§ **Input data**:
==*==

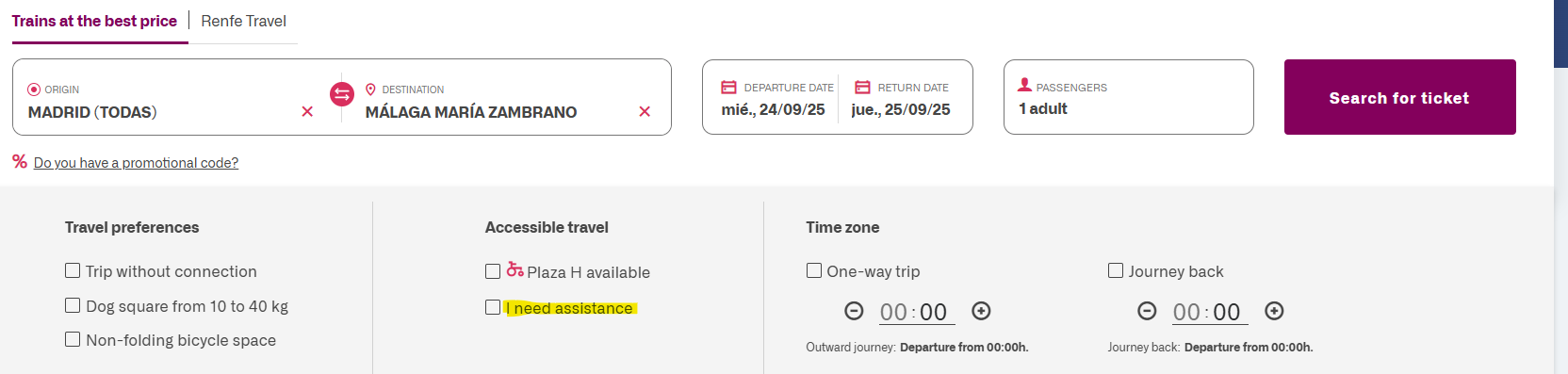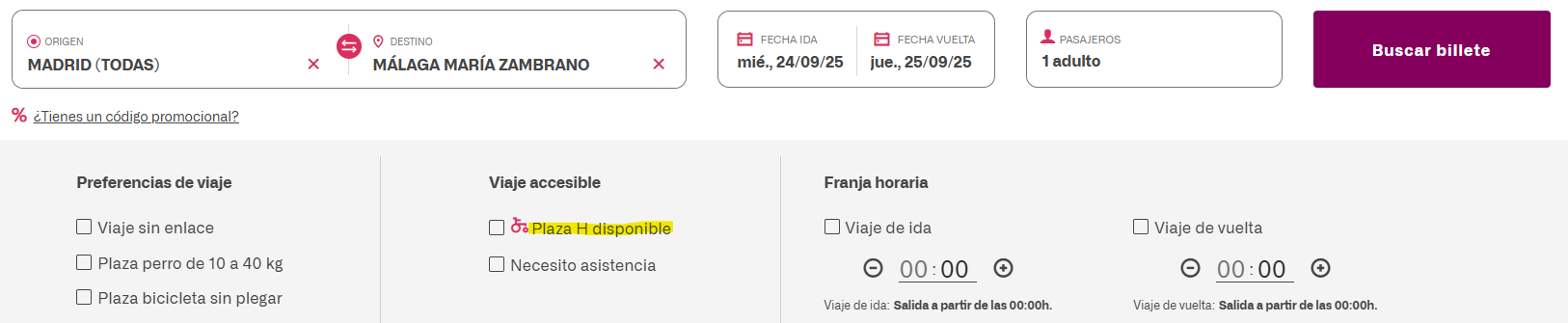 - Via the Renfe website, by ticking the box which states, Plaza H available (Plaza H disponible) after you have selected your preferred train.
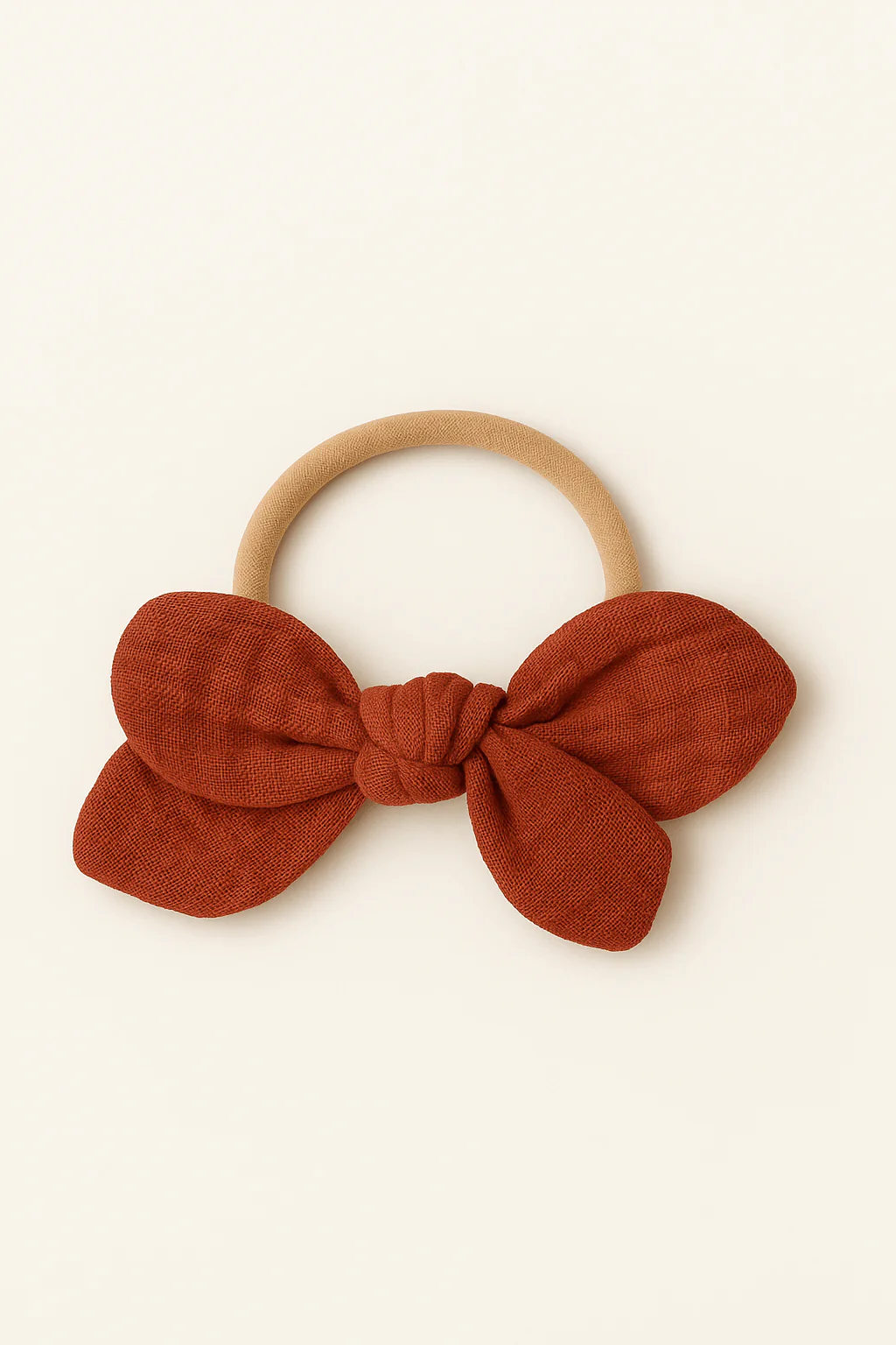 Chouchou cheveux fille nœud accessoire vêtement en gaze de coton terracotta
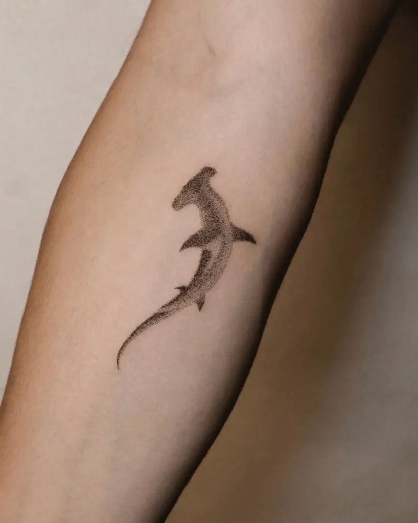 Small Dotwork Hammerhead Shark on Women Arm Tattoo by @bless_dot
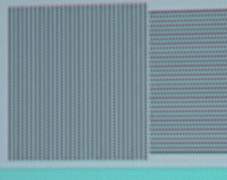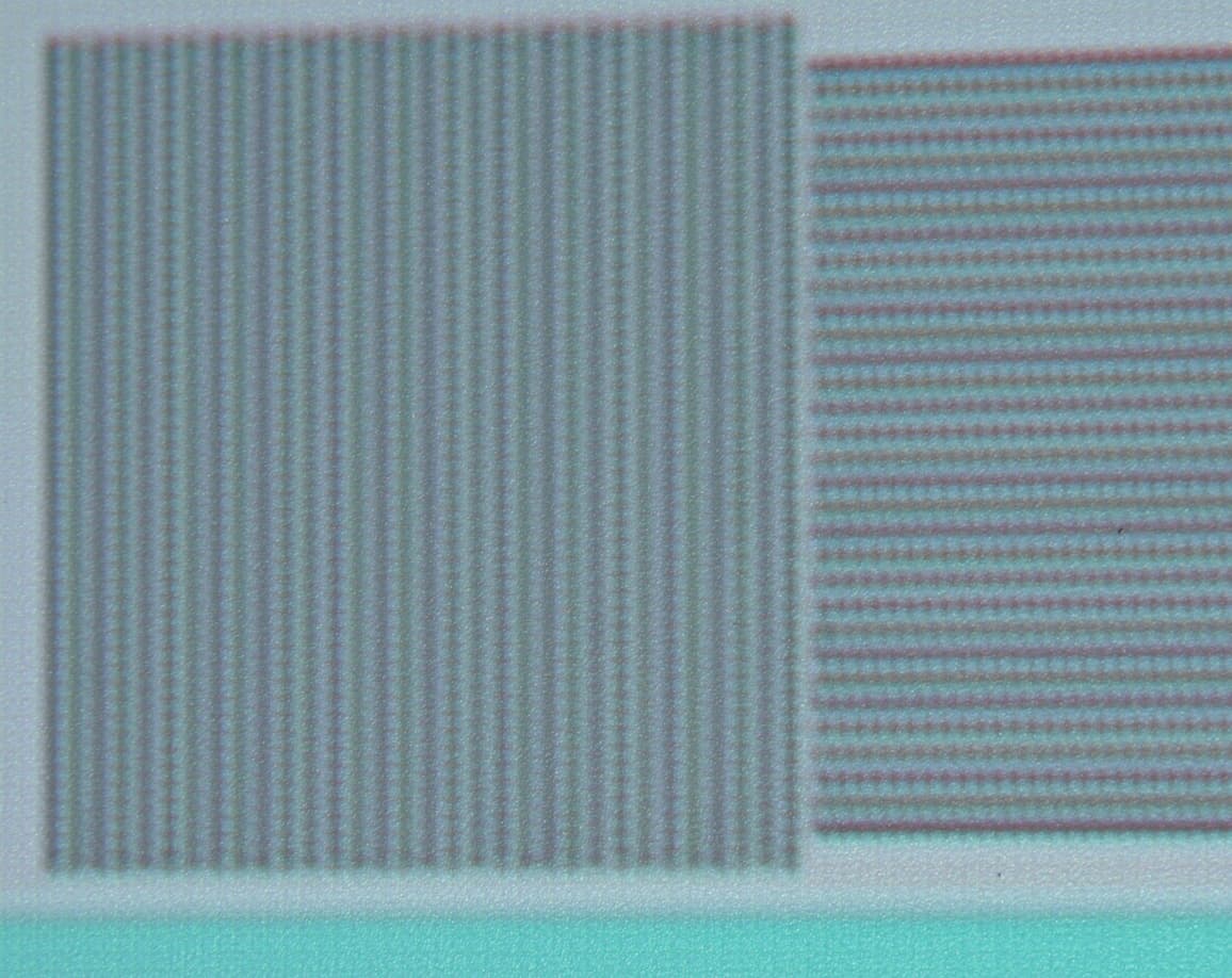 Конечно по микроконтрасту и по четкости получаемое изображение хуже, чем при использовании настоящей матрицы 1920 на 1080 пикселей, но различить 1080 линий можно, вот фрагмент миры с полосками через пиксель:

==*==

§ **Work request**: Retype only the lines from the line with "Small Dotwork Hammerhead" through the last line of the data. Keep both ends and skip the pictures.

§ **Task solution**:
 Small Dotwork Hammerhead Shark on Women Arm Tattoo by @bless_dot
 Конечно по микроконтрасту и по четкости получаемое изображение хуже, чем при использовании настоящей матрицы 1920 на 1080 пикселей, но различить 1080 линий можно, вот фрагмент миры с полосками через пиксель:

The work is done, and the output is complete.